_Your task_:
From the listing below, pull out all lines with "Екатеринбурге" in them.

┌─ Provided data

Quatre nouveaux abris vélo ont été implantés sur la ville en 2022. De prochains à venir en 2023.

└─
┌─ Provided data

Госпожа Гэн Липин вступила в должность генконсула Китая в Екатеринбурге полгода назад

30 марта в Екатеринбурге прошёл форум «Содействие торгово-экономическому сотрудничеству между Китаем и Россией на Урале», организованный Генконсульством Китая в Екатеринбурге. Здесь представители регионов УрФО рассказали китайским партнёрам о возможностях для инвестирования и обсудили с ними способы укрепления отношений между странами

└─
┌─ Provided data

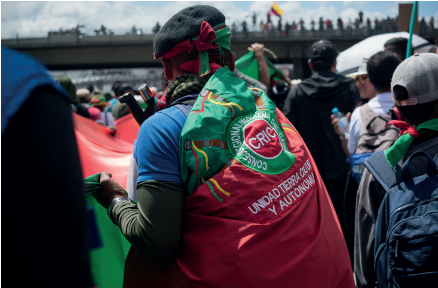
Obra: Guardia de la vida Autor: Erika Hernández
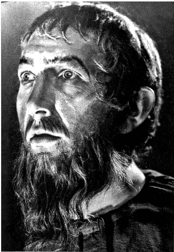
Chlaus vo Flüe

└─

_Output of the exercise_:
Госпожа Гэн Липин вступила в должность генконсула Китая в Екатеринбурге полгода назад
30 марта в Екатеринбурге прошёл форум «Содействие торгово-экономическому сотрудничеству между Китаем и Россией на Урале», организованный Генконсульством Китая в Екатеринбурге. Здесь представители регионов УрФО рассказали китайским партнёрам о возможностях для инвестирования и обсудили с ними способы укрепления отношений между странами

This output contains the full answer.